(WORKING DATA begins)

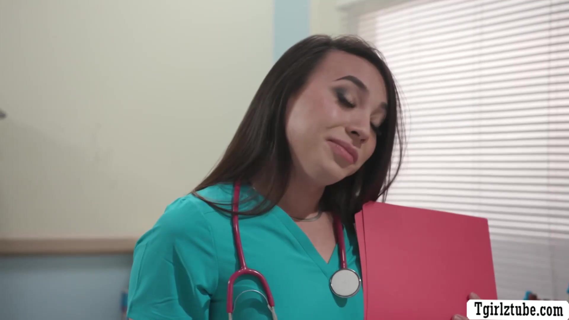 Lucky patient got his dick sucked by hot TS nurse
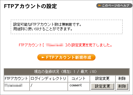 これで FTP アカウントが作成されました。 【FTP アカウント名】 がお客さまのFTPアカウントとなります。
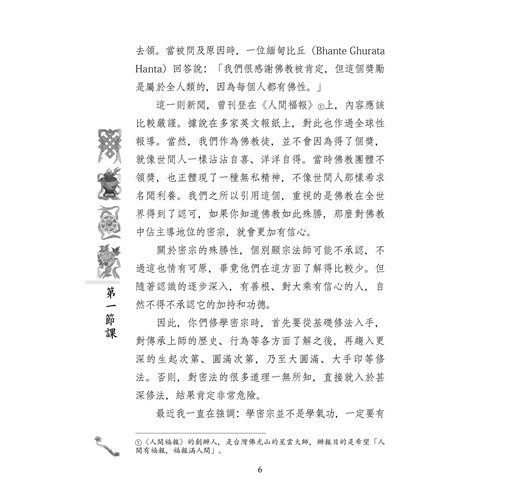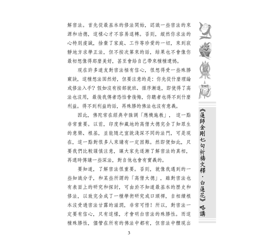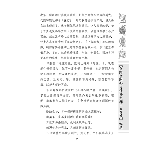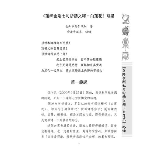 關於蓮師金剛七句祈禱文,文殊菩薩化身全知麥彭仁波切有個注釋叫《白蓮花》,裡面分了幾個層次:前面講外修法;後面講內修、密修、極密修,都是甚深的內容。本書只是簡單講一下外修法的部分。
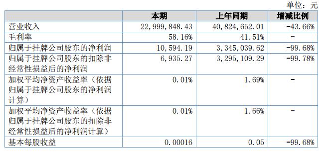 報告期內(nèi)營業(yè)收入22,999,848.43元,較上年同期40,824,652.01元,下降了43.66%;營業(yè)成本23,358,283.48元,較上年同期38,469,896.48元,下降了39.28%;歸屬于掛牌公司股東的凈利潤為10,594.19元,較上年同期3,345,039.62元,下降了99.68%。?
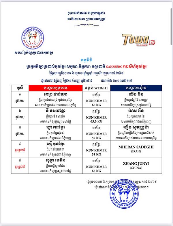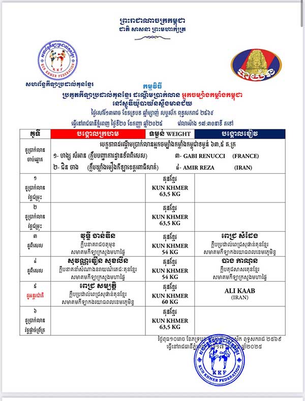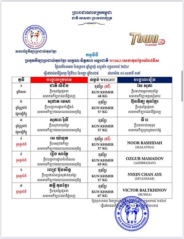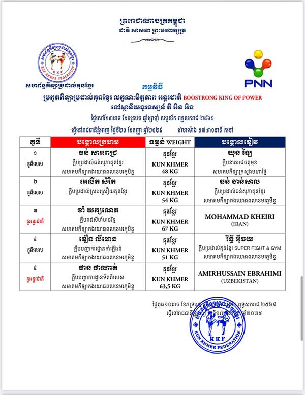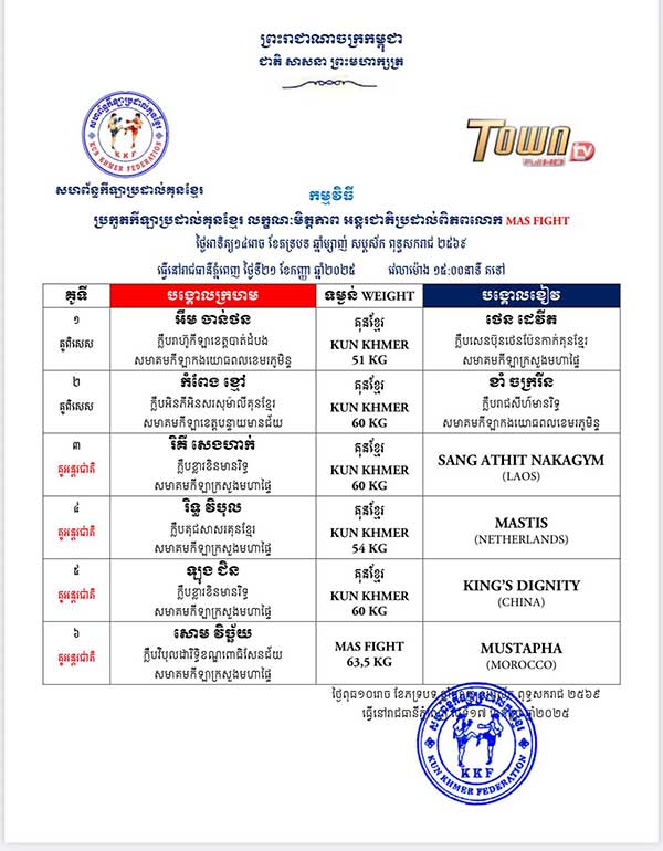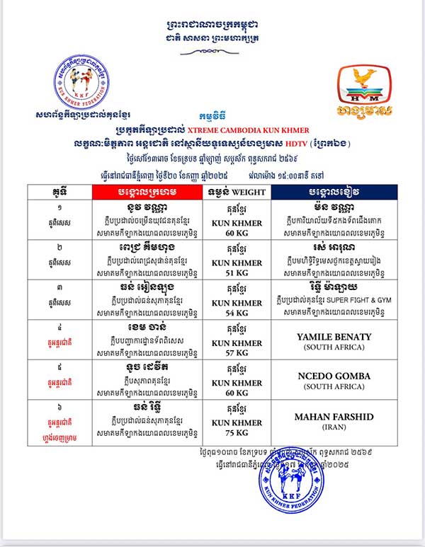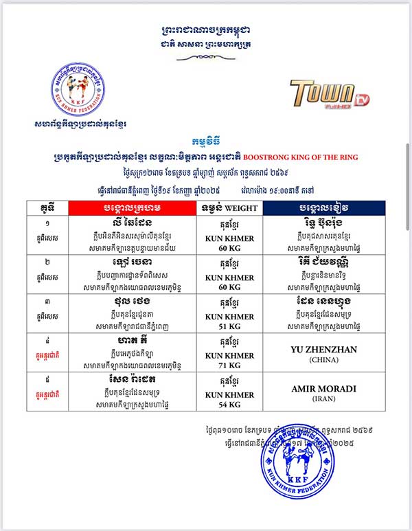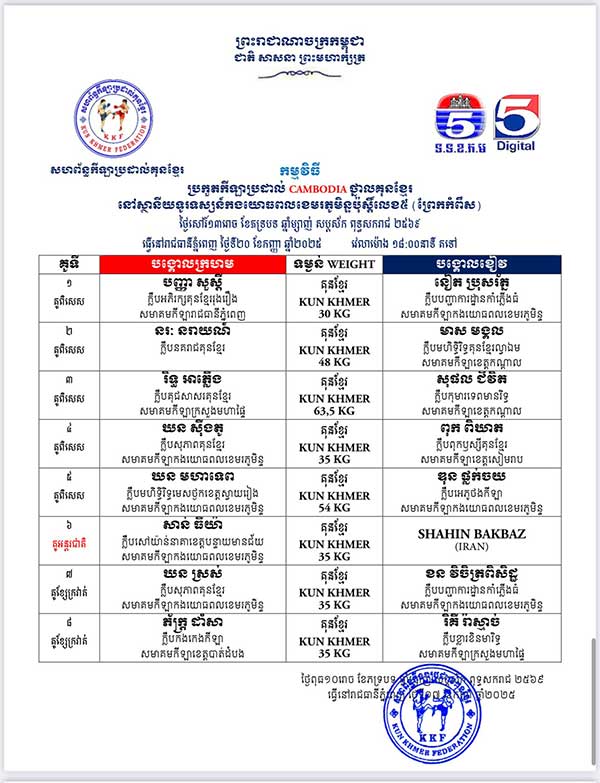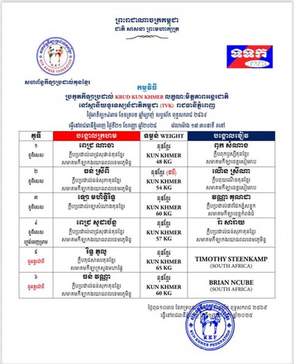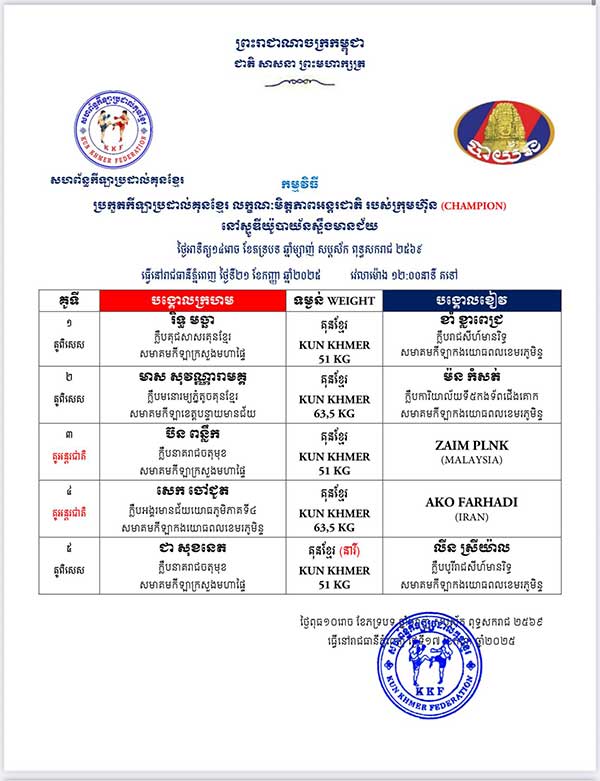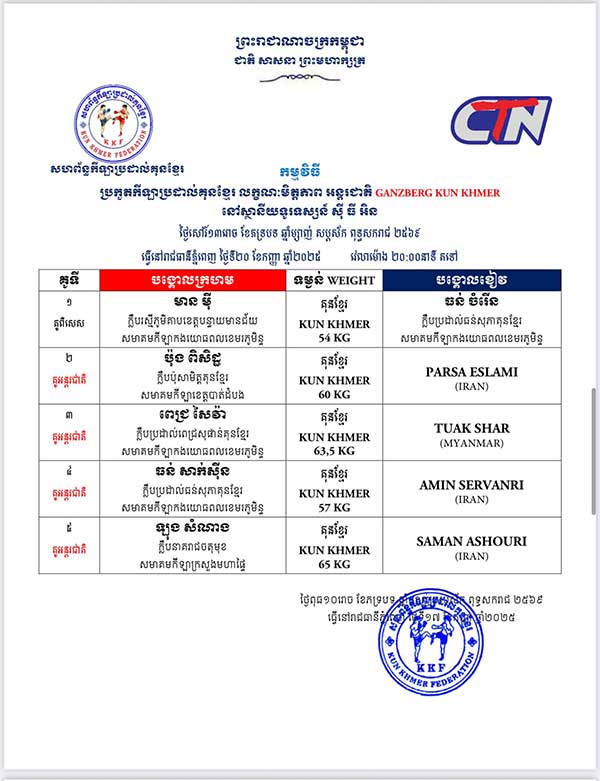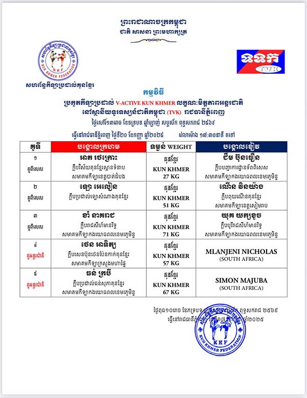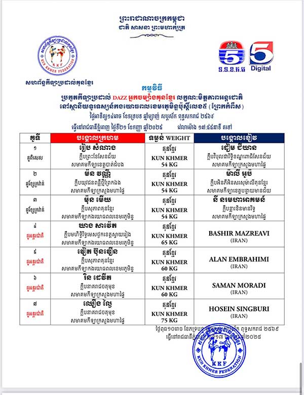 កម្មវិធីប្រកួតកីឡាប្រដាល់គុនខ្មែរ គូមិត្តភាពជាតិអន្តរជាតិនិងដណ្ដើមខ្សែក្រវាត់តាមស្ថានីយនានា ចាប់ពីថ្ងៃទី១៨ទី១៩ទី២០ទី២១ខែ កញ្ញាឆ្នាំ២០២៥។
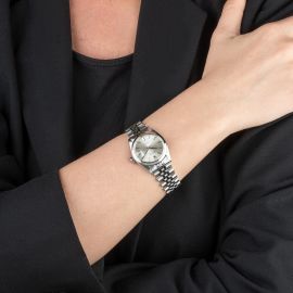 cassa in acciaio, fondello serrato a vite, corona marcata, lunetta liscia in acciaio, quadrante argentè, grafica nera, indici applicati con trizio, datario a ore tre con lente cyclope, movimento a carica manuale cal 1225, bracciale jubilee in acciaio, ref. 62510M finali 587, lungh. interna cm 18, chiusura a scatoletta marcata Rolex, vetro minerale. Diam. mm 30
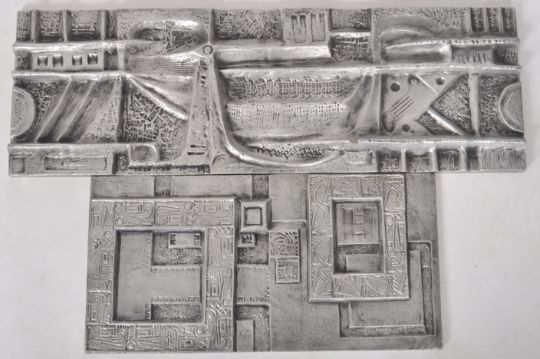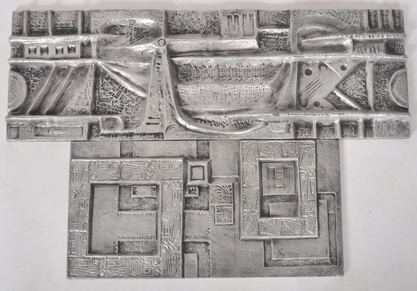 Two retro 20th Century 1970s formed fiberglass abstract / brutalist art panels with each having geometric patterns with a steel painted finish. Unsigned. Tallest measures approx; 102cm x 33cm.
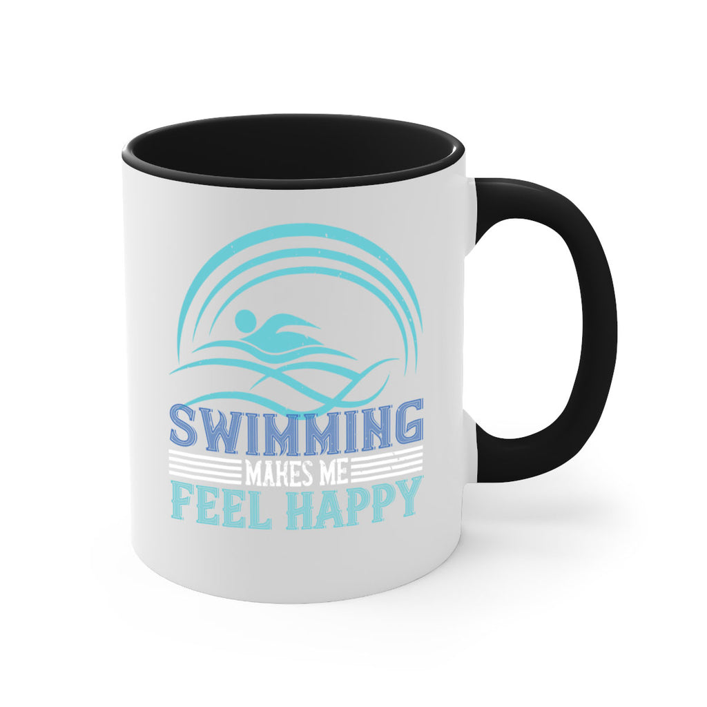 Enjoy the Swimming makes me feel happy 374# Mug . Here to bring big gulps of coffee, Tea or any beverage and style, these two-tone coffee mugs help people around the world start the day just right. Choose between 5 different color options and 2 sizes to best complement the design. Each mug comes with a colored handle, a colored interior, and a classy, glossy finish so that your mugs become an instant favorite.

(WORKING DATA ends)

# [EXERCISE DIRECTIONS]
Which lines run from the one holding "報告期內(nèi)營業(yè" through the end of the records? Reproduce them word for word, both ends included, with no pictures.

# [THE COMPLETED TASK]
 報告期內(nèi)營業(yè)收入22,999,848.43元,較上年同期40,824,652.01元,下降了43.66%;營業(yè)成本23,358,283.48元,較上年同期38,469,896.48元,下降了39.28%;歸屬于掛牌公司股東的凈利潤為10,594.19元,較上年同期3,345,039.62元,下降了99.68%。?
 កម្មវិធីប្រកួតកីឡាប្រដាល់គុនខ្មែរ គូមិត្តភាពជាតិអន្តរជាតិនិងដណ្ដើមខ្សែក្រវាត់តាមស្ថានីយនានា ចាប់ពីថ្ងៃទី១៨ទី១៩ទី២០ទី២១ខែ កញ្ញាឆ្នាំ២០២៥។
 cassa in acciaio, fondello serrato a vite, corona marcata, lunetta liscia in acciaio, quadrante argentè, grafica nera, indici applicati con trizio, datario a ore tre con lente cyclope, movimento a carica manuale cal 1225, bracciale jubilee in acciaio, ref. 62510M finali 587, lungh. interna cm 18, chiusura a scatoletta marcata Rolex, vetro minerale. Diam. mm 30
 Two retro 20th Century 1970s formed fiberglass abstract / brutalist art panels with each having geometric patterns with a steel painted finish. Unsigned. Tallest measures approx; 102cm x 33cm.
 Enjoy the Swimming makes me feel happy 374# Mug . Here to bring big gulps of coffee, Tea or any beverage and style, these two-tone coffee mugs help people around the world start the day just right. Choose between 5 different color options and 2 sizes to best complement the design. Each mug comes with a colored handle, a colored interior, and a classy, glossy finish so that your mugs become an instant favorite.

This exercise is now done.